Data under study:
--------

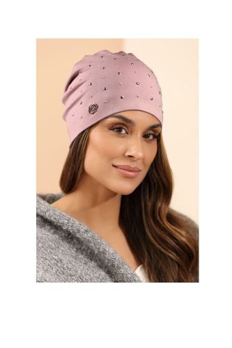 Jaunatviška, lengva kepurė CLAIRE pagaminta iš minkštos, elastingos, dvigubo sluoksnio medvilnės. Dekoruota metalizuotomis smulkiomis detalėmis. Nugarinėje kepurės dalyje – originali, stilizuota persidengiančio audinio siūlė, kuri suteikia kepurei purumo. Kepurė prisitaiko prie bet kokios galvos formos.
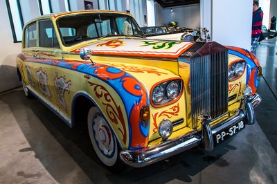 Nem éppen egy hippivágen, a neve mégis Flower Power. Rolls-Royce Phantom V 1968-ból, harsány színekkel és mintákkal rendesen körbepingálva egészen mellbevágó élmény, szürreális hatást kelt.
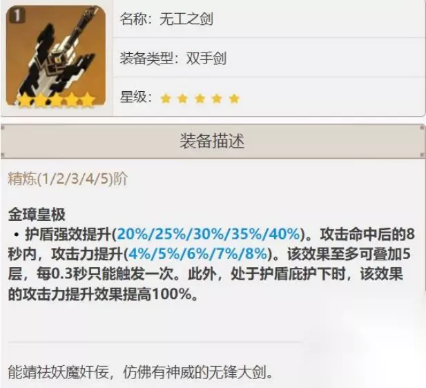 原神无工大剑给谁用比较好 在原神游戏中,无工大剑给迪卢克、优菈、雷泽这种战场的主c,想要吃满无工大剑的被动需要再带一个套盾的辅助角色,例如钟离、迪奥娜这种辅助角色套盾。 白值属性属于五星武器中等水平,由于副属性是攻击力百分比,对圣遗物双暴要求就更高了。这对于副属性是攻击力百分比的无工之剑来说完全背道而驰了。
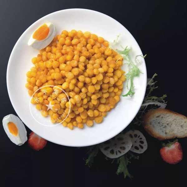 熟玉米粒200克、熟咸鸭蛋黄2个。
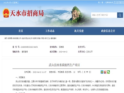 武山石灰?guī)r儲(chǔ)量豐富,主要分布于鴛鴦鎮(zhèn)支鍋峽、吉子坪和馬力鎮(zhèn)的兔兒崖一帶,是縣內(nèi)最有價(jià)值的礦石資源之一,儲(chǔ)量約5億噸。該項(xiàng)目依托豐富的石灰石資源,計(jì)劃建設(shè)10萬(wàn)噸納米碳酸鈣生產(chǎn)線(xiàn),以納米碳酸鈣為主要原料,建設(shè)硅酮膠生產(chǎn)線(xiàn);以納米碳酸鈣、PVC樹(shù)脂及其他助劑為原料,建設(shè)汽車(chē)底盤(pán)涂料生產(chǎn)線(xiàn);以納米碳酸鈣為原料,建設(shè)納米乳膠漆生產(chǎn)線(xiàn),配套建設(shè)生產(chǎn)用房、辦公用房、研發(fā)中心、倉(cāng)儲(chǔ)中心及其他配套設(shè)施。
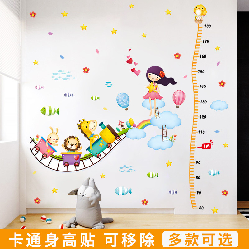 墙纸自粘儿童房间装饰身高墙贴卡通小孩宝宝测量尺身高贴纸可移除
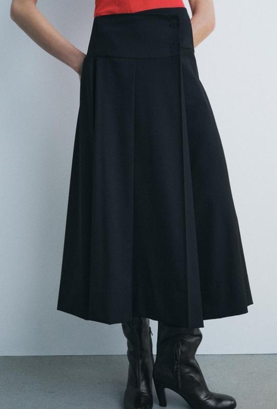 Юбка миди со средней посадкой, выполненная из пряжи на 21% из шерсти. Подол с плиссированной отделкой. Скрытая застежка-молния в шве. 54% полиэстер 21% шерсть 21% вискозы 4% эластана На бирке указан размер S. Обязательно ориентируйтесь только на замеры! Длина 85 см, Талия 40 см
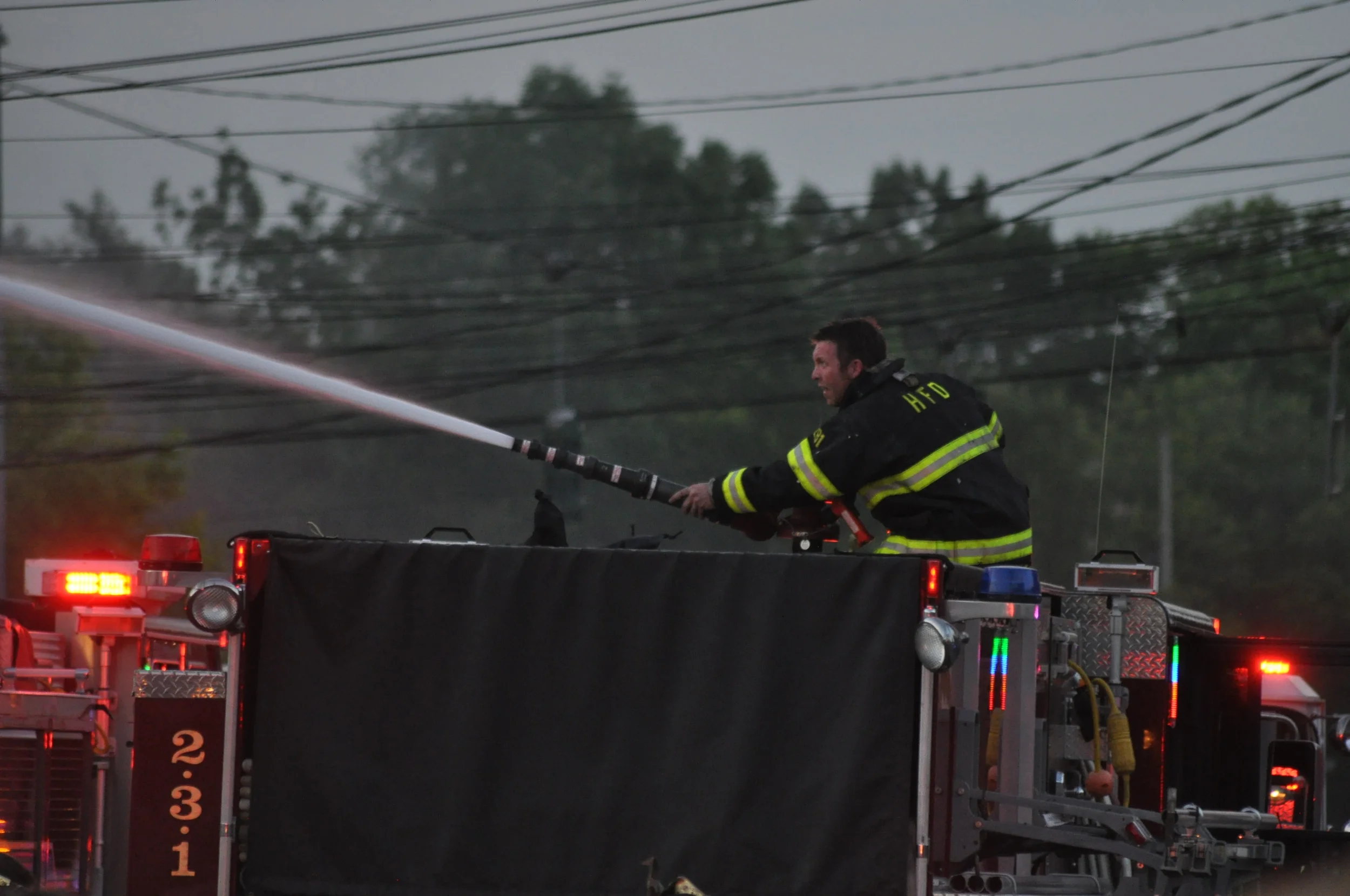 The fire appeared to originate from the rear of the office building and quickly grew in intensity. Within minutes, an intense inferno consumed the rear of the building and progressed toward New York Avenue as volunteer firefighters scrambled for position to attack the blaze. Firefighters began dousing the flames with a ladder truck at approximately 8 p.m., as police officers on the ground moved curious spectators away from the growing blaze.
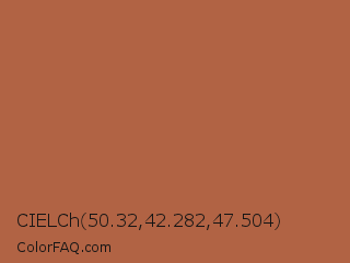 CIELCh 50.32,42.282,47.504 Color is a normal orange color and the nearest color is Brown Rust #af593e. Hex code #b16344 and RGB value is rgb(177,99,68). In RGB color space, this color is composed of 69% red, 39% green, 27% blue, In CMYK color space, this color is composed of 0% cyan, 44% magenta, 62% yellow , 31% black , In HSL color space, this color has a hue angle of 17° , 44% saturation and 48% lightness.
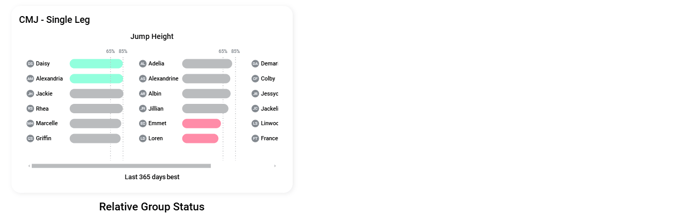 In this example, the Relative Group Status widget is set up to show if the athletes' average jump height over the last year is within two performance thresholds based on their personal best jump height:
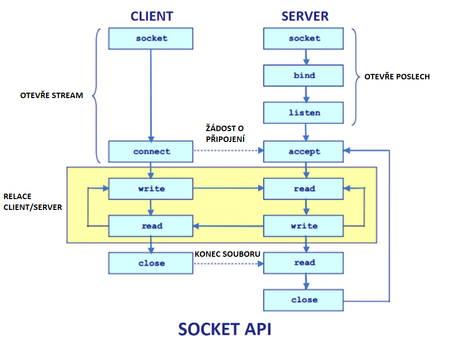 Vieme, že komunikácia klienta a servera bude prebiehať prostredníctvom socketov s pomocou protokolu TCP. Klientsky program vytvorí socket na svojom konci komunikácie a pokúsi sa ho pripojiť k serveru. Po vytvorení spojenia server vytvorí objekt socketu na svojom konci komunikácie. Klient a server teraz môžu komunikovať zápisom a čítaním zo socketu:
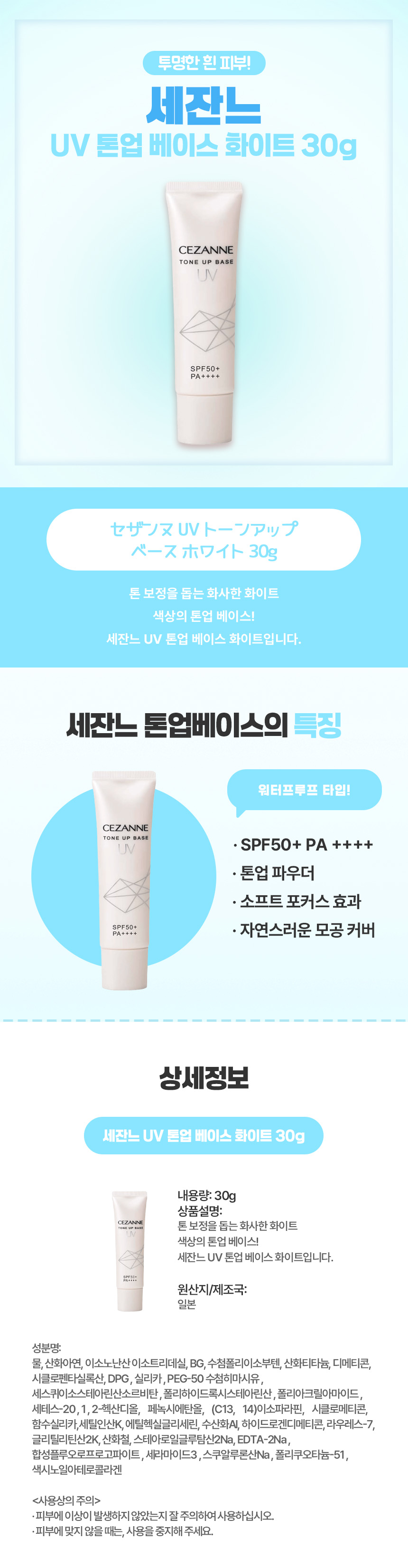 맑고 투명한 피부엔, 일본 직구 세잔느 UV 톤업 베이스 화이트
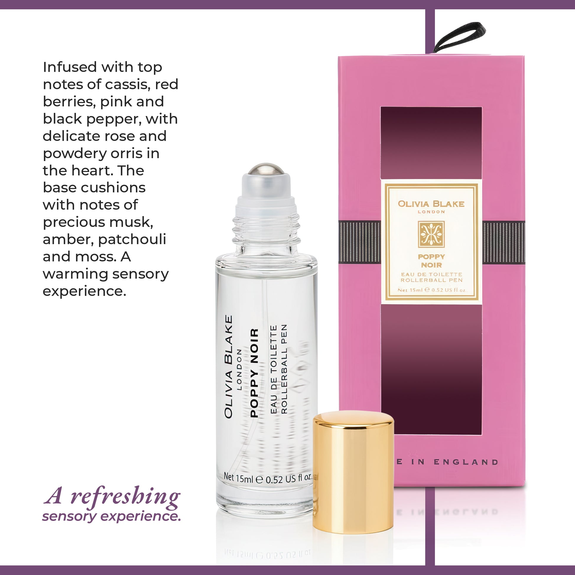 Olivia Blake Poppy Noir Perfume Roller Ball – 15 ml/0.52 fl oz Fine Fragrance Eau de Toilette, Travel Size Perfume for Women
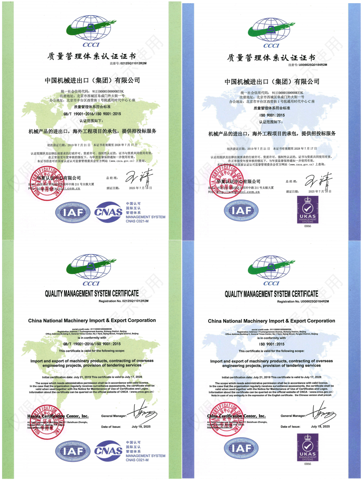 经过六十多年的辉煌,始终把客户放在第一位的中机公司,针对国际工程承包、国际贸易等业务,自2001年建立、实施并保持ISO9001质量管理体系,通过了SGS的第三方认证。公司始终秉持“客户至上,诚信经营,创造价值,精益求精”的质量方针,致力于为客户提供高品质的产品和服务,积极响应国内和国际标准,通过持续改进和不断创新,将追求客户100%的满意率,及股东、员工、社会、合作伙伴等相关方高满意率,实现公司持续稳定发展的经营理念贯穿于公司经营管理活动的全过程,持续改进质量管理流程,不断完善质量管理体系。
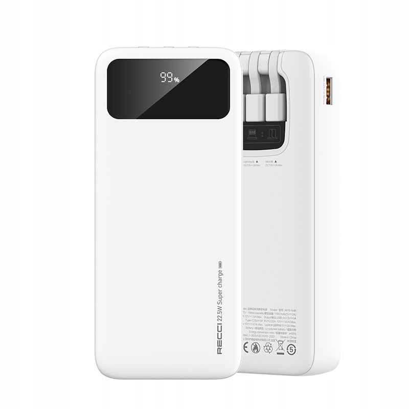 Powerbank RECCI został wyposażony w szybkie złącza dzięki czemu używanie Powerbanka stało się jeszcze bardziej wygodne. Dzięki wbudowanym kablom zapomnij o ich pilnowaniu w czasie podróży.
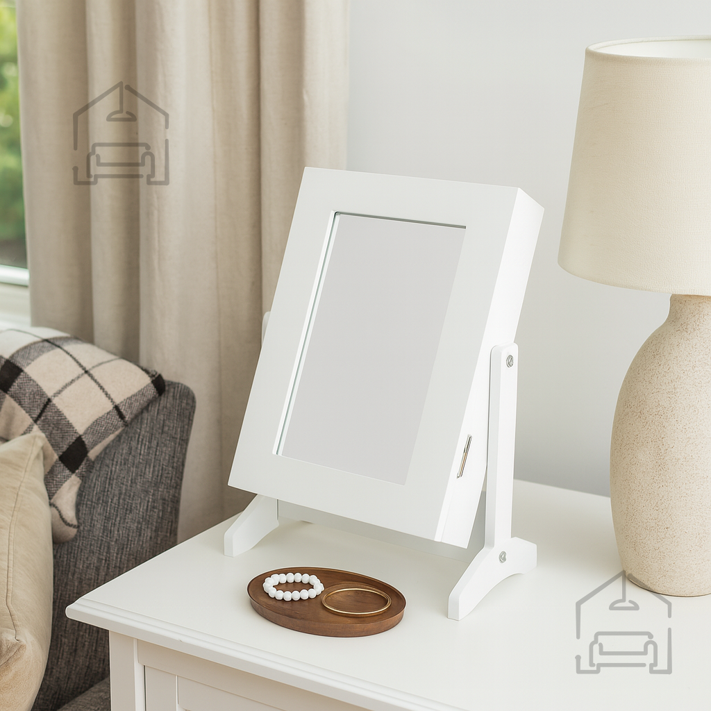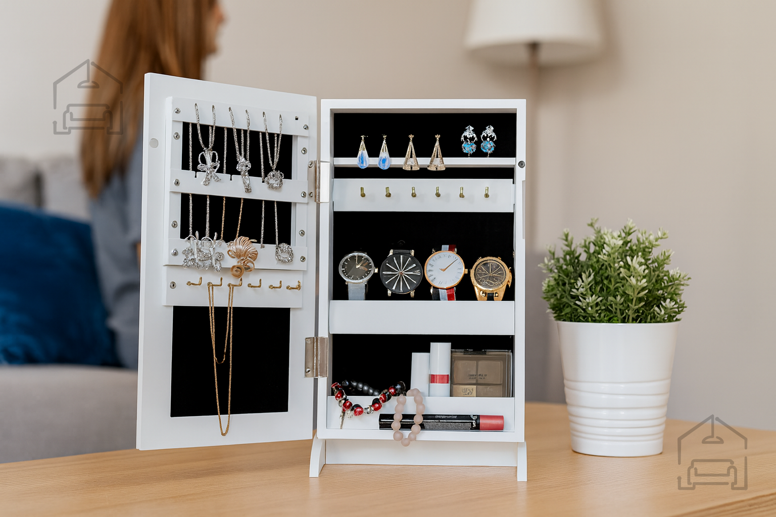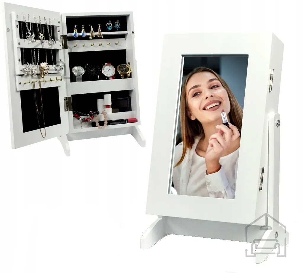 Omarica za nakit z ogledalom je odlična izbira za vse, ki cenijo urejenost in estetiko. Primerna je tako za posameznike, ki imajo bogato zbirko nakita, kot tudi za tiste, ki iščejo eleganten prostor za shranjevanje nekaj najljubših kosov. Njena praktična zasnova omogoča, da imate vse kose vedno na dosegu roke, hkrati pa notranja razporeditev preprečuje, da bi se nakit zapletel ali izgubil. Zaradi svoje univerzalne oblike in barve je tudi popolno darilo – bodisi za rojstni dan, obletnico ali kot pozornost ob posebni priložnosti.
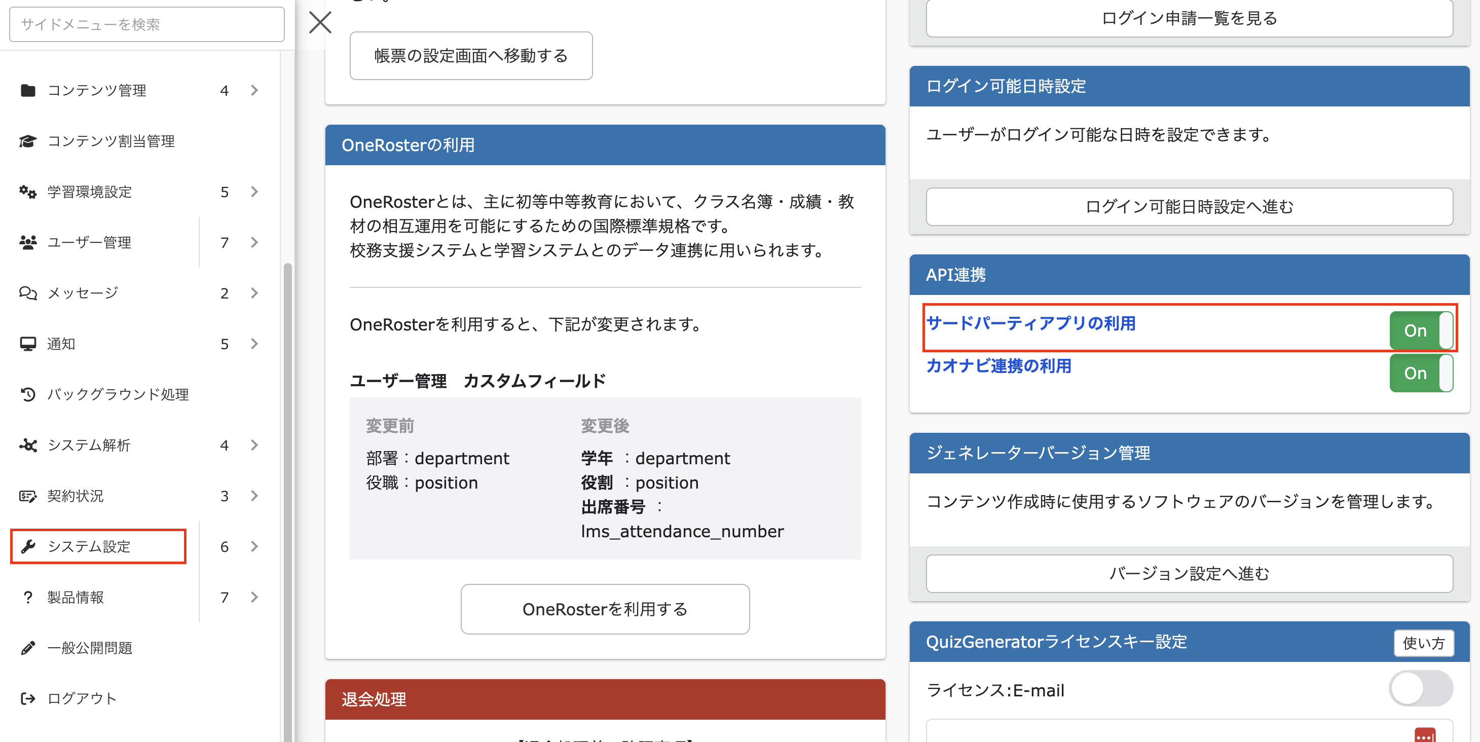 ログイン後、システム設定 > API連携 と進み、サードパーティアプリの利用をONにします。

--------

Directions:
Repeat the data verbatim through the "墙纸自粘儿童房间装饰身高墙贴卡通小孩宝宝测量尺身高贴纸可移除" line, no pictures.

Exercise result:
 Jaunatviška, lengva kepurė CLAIRE pagaminta iš minkštos, elastingos, dvigubo sluoksnio medvilnės. Dekoruota metalizuotomis smulkiomis detalėmis. Nugarinėje kepurės dalyje – originali, stilizuota persidengiančio audinio siūlė, kuri suteikia kepurei purumo. Kepurė prisitaiko prie bet kokios galvos formos.
 Nem éppen egy hippivágen, a neve mégis Flower Power. Rolls-Royce Phantom V 1968-ból, harsány színekkel és mintákkal rendesen körbepingálva egészen mellbevágó élmény, szürreális hatást kelt.
 原神无工大剑给谁用比较好 在原神游戏中,无工大剑给迪卢克、优菈、雷泽这种战场的主c,想要吃满无工大剑的被动需要再带一个套盾的辅助角色,例如钟离、迪奥娜这种辅助角色套盾。 白值属性属于五星武器中等水平,由于副属性是攻击力百分比,对圣遗物双暴要求就更高了。这对于副属性是攻击力百分比的无工之剑来说完全背道而驰了。
 熟玉米粒200克、熟咸鸭蛋黄2个。
 武山石灰?guī)r儲(chǔ)量豐富,主要分布于鴛鴦鎮(zhèn)支鍋峽、吉子坪和馬力鎮(zhèn)的兔兒崖一帶,是縣內(nèi)最有價(jià)值的礦石資源之一,儲(chǔ)量約5億噸。該項(xiàng)目依托豐富的石灰石資源,計(jì)劃建設(shè)10萬(wàn)噸納米碳酸鈣生產(chǎn)線(xiàn),以納米碳酸鈣為主要原料,建設(shè)硅酮膠生產(chǎn)線(xiàn);以納米碳酸鈣、PVC樹(shù)脂及其他助劑為原料,建設(shè)汽車(chē)底盤(pán)涂料生產(chǎn)線(xiàn);以納米碳酸鈣為原料,建設(shè)納米乳膠漆生產(chǎn)線(xiàn),配套建設(shè)生產(chǎn)用房、辦公用房、研發(fā)中心、倉(cāng)儲(chǔ)中心及其他配套設(shè)施。
 墙纸自粘儿童房间装饰身高墙贴卡通小孩宝宝测量尺身高贴纸可移除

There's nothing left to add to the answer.